**Work order:**
Exact repetition of the data is the whole task.

**Study material:**
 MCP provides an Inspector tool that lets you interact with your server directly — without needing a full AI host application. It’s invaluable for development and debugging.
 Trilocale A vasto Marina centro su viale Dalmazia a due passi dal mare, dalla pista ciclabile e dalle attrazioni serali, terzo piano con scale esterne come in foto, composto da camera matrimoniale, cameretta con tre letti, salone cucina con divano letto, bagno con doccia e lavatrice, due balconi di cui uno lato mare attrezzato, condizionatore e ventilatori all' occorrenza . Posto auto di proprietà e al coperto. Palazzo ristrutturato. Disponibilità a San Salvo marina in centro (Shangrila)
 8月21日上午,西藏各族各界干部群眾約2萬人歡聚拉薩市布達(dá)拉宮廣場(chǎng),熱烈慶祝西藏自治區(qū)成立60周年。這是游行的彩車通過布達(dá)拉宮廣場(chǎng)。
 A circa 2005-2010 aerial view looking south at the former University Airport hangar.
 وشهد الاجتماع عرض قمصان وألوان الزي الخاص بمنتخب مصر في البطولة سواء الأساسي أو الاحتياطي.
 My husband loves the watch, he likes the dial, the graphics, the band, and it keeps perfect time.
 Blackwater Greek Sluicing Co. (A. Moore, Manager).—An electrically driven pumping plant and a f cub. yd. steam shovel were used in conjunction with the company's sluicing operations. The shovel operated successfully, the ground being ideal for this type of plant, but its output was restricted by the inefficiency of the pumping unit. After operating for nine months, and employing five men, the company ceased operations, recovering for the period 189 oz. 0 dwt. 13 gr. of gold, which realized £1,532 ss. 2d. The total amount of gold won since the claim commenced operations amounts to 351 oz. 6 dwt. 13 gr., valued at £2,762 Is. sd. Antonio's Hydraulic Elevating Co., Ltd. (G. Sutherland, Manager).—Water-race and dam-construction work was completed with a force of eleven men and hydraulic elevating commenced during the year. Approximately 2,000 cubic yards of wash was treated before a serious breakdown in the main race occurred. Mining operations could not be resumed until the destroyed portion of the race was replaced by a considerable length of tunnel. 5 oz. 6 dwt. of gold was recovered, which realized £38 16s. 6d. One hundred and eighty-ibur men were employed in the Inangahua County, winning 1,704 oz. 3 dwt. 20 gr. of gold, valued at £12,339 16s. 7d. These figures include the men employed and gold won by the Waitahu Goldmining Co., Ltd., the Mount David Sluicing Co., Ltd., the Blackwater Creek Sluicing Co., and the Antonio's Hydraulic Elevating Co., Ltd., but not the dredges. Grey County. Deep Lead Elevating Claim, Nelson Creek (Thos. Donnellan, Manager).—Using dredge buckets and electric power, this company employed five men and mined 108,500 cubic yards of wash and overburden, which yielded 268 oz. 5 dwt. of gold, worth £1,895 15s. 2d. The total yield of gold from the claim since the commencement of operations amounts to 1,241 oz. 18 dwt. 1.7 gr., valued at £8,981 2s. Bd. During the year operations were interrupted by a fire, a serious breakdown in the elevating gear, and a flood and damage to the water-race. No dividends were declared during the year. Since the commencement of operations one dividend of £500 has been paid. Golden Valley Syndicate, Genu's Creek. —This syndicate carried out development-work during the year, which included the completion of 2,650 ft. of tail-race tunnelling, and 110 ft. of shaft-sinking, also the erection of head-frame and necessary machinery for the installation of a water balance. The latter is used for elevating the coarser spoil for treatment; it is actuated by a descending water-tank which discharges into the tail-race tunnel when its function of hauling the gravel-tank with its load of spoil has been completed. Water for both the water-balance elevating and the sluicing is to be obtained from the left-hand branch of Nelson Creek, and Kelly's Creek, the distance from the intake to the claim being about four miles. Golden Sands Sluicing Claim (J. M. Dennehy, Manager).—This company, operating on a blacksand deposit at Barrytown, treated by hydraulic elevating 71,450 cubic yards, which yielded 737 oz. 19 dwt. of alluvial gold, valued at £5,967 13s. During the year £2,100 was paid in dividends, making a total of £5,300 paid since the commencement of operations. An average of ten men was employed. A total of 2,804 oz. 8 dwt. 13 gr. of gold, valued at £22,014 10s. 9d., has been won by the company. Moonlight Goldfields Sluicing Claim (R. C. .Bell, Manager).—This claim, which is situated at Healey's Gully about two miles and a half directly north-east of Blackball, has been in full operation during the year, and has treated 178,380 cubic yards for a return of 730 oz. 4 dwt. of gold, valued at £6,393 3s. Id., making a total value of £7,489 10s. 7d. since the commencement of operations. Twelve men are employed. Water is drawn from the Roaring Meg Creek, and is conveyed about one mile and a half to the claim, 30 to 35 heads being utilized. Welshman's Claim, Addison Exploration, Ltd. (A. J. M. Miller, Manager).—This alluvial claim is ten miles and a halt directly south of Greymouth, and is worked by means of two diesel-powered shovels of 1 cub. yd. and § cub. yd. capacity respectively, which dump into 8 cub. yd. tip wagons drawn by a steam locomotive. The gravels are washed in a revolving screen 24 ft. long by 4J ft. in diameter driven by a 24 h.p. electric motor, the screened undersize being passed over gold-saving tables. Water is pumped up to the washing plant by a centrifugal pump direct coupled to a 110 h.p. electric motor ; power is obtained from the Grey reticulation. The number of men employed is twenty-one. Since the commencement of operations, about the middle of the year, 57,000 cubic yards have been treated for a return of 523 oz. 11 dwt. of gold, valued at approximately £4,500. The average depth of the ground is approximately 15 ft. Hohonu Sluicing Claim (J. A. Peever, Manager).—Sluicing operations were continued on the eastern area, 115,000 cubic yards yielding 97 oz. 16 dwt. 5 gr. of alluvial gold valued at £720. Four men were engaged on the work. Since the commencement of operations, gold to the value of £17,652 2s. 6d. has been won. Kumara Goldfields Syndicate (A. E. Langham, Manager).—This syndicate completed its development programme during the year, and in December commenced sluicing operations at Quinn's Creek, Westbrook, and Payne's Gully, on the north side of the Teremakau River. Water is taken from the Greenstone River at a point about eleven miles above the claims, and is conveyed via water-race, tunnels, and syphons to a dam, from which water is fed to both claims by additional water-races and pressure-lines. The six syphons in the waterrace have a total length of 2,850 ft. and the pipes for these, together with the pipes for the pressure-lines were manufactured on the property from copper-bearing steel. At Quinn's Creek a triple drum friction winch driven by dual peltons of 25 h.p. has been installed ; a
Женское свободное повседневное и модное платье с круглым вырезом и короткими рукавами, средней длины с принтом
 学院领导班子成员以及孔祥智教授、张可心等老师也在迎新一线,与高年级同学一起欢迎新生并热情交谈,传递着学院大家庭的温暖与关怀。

**Answer box:**
 MCP provides an Inspector tool that lets you interact with your server directly — without needing a full AI host application. It’s invaluable for development and debugging.
 Trilocale A vasto Marina centro su viale Dalmazia a due passi dal mare, dalla pista ciclabile e dalle attrazioni serali, terzo piano con scale esterne come in foto, composto da camera matrimoniale, cameretta con tre letti, salone cucina con divano letto, bagno con doccia e lavatrice, due balconi di cui uno lato mare attrezzato, condizionatore e ventilatori all' occorrenza . Posto auto di proprietà e al coperto. Palazzo ristrutturato. Disponibilità a San Salvo marina in centro (Shangrila)
 8月21日上午,西藏各族各界干部群眾約2萬人歡聚拉薩市布達(dá)拉宮廣場(chǎng),熱烈慶祝西藏自治區(qū)成立60周年。這是游行的彩車通過布達(dá)拉宮廣場(chǎng)。
 A circa 2005-2010 aerial view looking south at the former University Airport hangar.
 وشهد الاجتماع عرض قمصان وألوان الزي الخاص بمنتخب مصر في البطولة سواء الأساسي أو الاحتياطي.
 My husband loves the watch, he likes the dial, the graphics, the band, and it keeps perfect time.
 Blackwater Greek Sluicing Co. (A. Moore, Manager).—An electrically driven pumping plant and a f cub. yd. steam shovel were used in conjunction with the company's sluicing operations. The shovel operated successfully, the ground being ideal for this type of plant, but its output was restricted by the inefficiency of the pumping unit. After operating for nine months, and employing five men, the company ceased operations, recovering for the period 189 oz. 0 dwt. 13 gr. of gold, which realized £1,532 ss. 2d. The total amount of gold won since the claim commenced operations amounts to 351 oz. 6 dwt. 13 gr., valued at £2,762 Is. sd. Antonio's Hydraulic Elevating Co., Ltd. (G. Sutherland, Manager).—Water-race and dam-construction work was completed with a force of eleven men and hydraulic elevating commenced during the year. Approximately 2,000 cubic yards of wash was treated before a serious breakdown in the main race occurred. Mining operations could not be resumed until the destroyed portion of the race was replaced by a considerable length of tunnel. 5 oz. 6 dwt. of gold was recovered, which realized £38 16s. 6d. One hundred and eighty-ibur men were employed in the Inangahua County, winning 1,704 oz. 3 dwt. 20 gr. of gold, valued at £12,339 16s. 7d. These figures include the men employed and gold won by the Waitahu Goldmining Co., Ltd., the Mount David Sluicing Co., Ltd., the Blackwater Creek Sluicing Co., and the Antonio's Hydraulic Elevating Co., Ltd., but not the dredges. Grey County. Deep Lead Elevating Claim, Nelson Creek (Thos. Donnellan, Manager).—Using dredge buckets and electric power, this company employed five men and mined 108,500 cubic yards of wash and overburden, which yielded 268 oz. 5 dwt. of gold, worth £1,895 15s. 2d. The total yield of gold from the claim since the commencement of operations amounts to 1,241 oz. 18 dwt. 1.7 gr., valued at £8,981 2s. Bd. During the year operations were interrupted by a fire, a serious breakdown in the elevating gear, and a flood and damage to the water-race. No dividends were declared during the year. Since the commencement of operations one dividend of £500 has been paid. Golden Valley Syndicate, Genu's Creek. —This syndicate carried out development-work during the year, which included the completion of 2,650 ft. of tail-race tunnelling, and 110 ft. of shaft-sinking, also the erection of head-frame and necessary machinery for the installation of a water balance. The latter is used for elevating the coarser spoil for treatment; it is actuated by a descending water-tank which discharges into the tail-race tunnel when its function of hauling the gravel-tank with its load of spoil has been completed. Water for both the water-balance elevating and the sluicing is to be obtained from the left-hand branch of Nelson Creek, and Kelly's Creek, the distance from the intake to the claim being about four miles. Golden Sands Sluicing Claim (J. M. Dennehy, Manager).—This company, operating on a blacksand deposit at Barrytown, treated by hydraulic elevating 71,450 cubic yards, which yielded 737 oz. 19 dwt. of alluvial gold, valued at £5,967 13s. During the year £2,100 was paid in dividends, making a total of £5,300 paid since the commencement of operations. An average of ten men was employed. A total of 2,804 oz. 8 dwt. 13 gr. of gold, valued at £22,014 10s. 9d., has been won by the company. Moonlight Goldfields Sluicing Claim (R. C. .Bell, Manager).—This claim, which is situated at Healey's Gully about two miles and a half directly north-east of Blackball, has been in full operation during the year, and has treated 178,380 cubic yards for a return of 730 oz. 4 dwt. of gold, valued at £6,393 3s. Id., making a total value of £7,489 10s. 7d. since the commencement of operations. Twelve men are employed. Water is drawn from the Roaring Meg Creek, and is conveyed about one mile and a half to the claim, 30 to 35 heads being utilized. Welshman's Claim, Addison Exploration, Ltd. (A. J. M. Miller, Manager).—This alluvial claim is ten miles and a halt directly south of Greymouth, and is worked by means of two diesel-powered shovels of 1 cub. yd. and § cub. yd. capacity respectively, which dump into 8 cub. yd. tip wagons drawn by a steam locomotive. The gravels are washed in a revolving screen 24 ft. long by 4J ft. in diameter driven by a 24 h.p. electric motor, the screened undersize being passed over gold-saving tables. Water is pumped up to the washing plant by a centrifugal pump direct coupled to a 110 h.p. electric motor ; power is obtained from the Grey reticulation. The number of men employed is twenty-one. Since the commencement of operations, about the middle of the year, 57,000 cubic yards have been treated for a return of 523 oz. 11 dwt. of gold, valued at approximately £4,500. The average depth of the ground is approximately 15 ft. Hohonu Sluicing Claim (J. A. Peever, Manager).—Sluicing operations were continued on the eastern area, 115,000 cubic yards yielding 97 oz. 16 dwt. 5 gr. of alluvial gold valued at £720. Four men were engaged on the work. Since the commencement of operations, gold to the value of £17,652 2s. 6d. has been won. Kumara Goldfields Syndicate (A. E. Langham, Manager).—This syndicate completed its development programme during the year, and in December commenced sluicing operations at Quinn's Creek, Westbrook, and Payne's Gully, on the north side of the Teremakau River. Water is taken from the Greenstone River at a point about eleven miles above the claims, and is conveyed via water-race, tunnels, and syphons to a dam, from which water is fed to both claims by additional water-races and pressure-lines. The six syphons in the waterrace have a total length of 2,850 ft. and the pipes for these, together with the pipes for the pressure-lines were manufactured on the property from copper-bearing steel. At Quinn's Creek a triple drum friction winch driven by dual peltons of 25 h.p. has been installed ; a
Женское свободное повседневное и модное платье с круглым вырезом и короткими рукавами, средней длины с принтом
 学院领导班子成员以及孔祥智教授、张可心等老师也在迎新一线,与高年级同学一起欢迎新生并热情交谈,传递着学院大家庭的温暖与关怀。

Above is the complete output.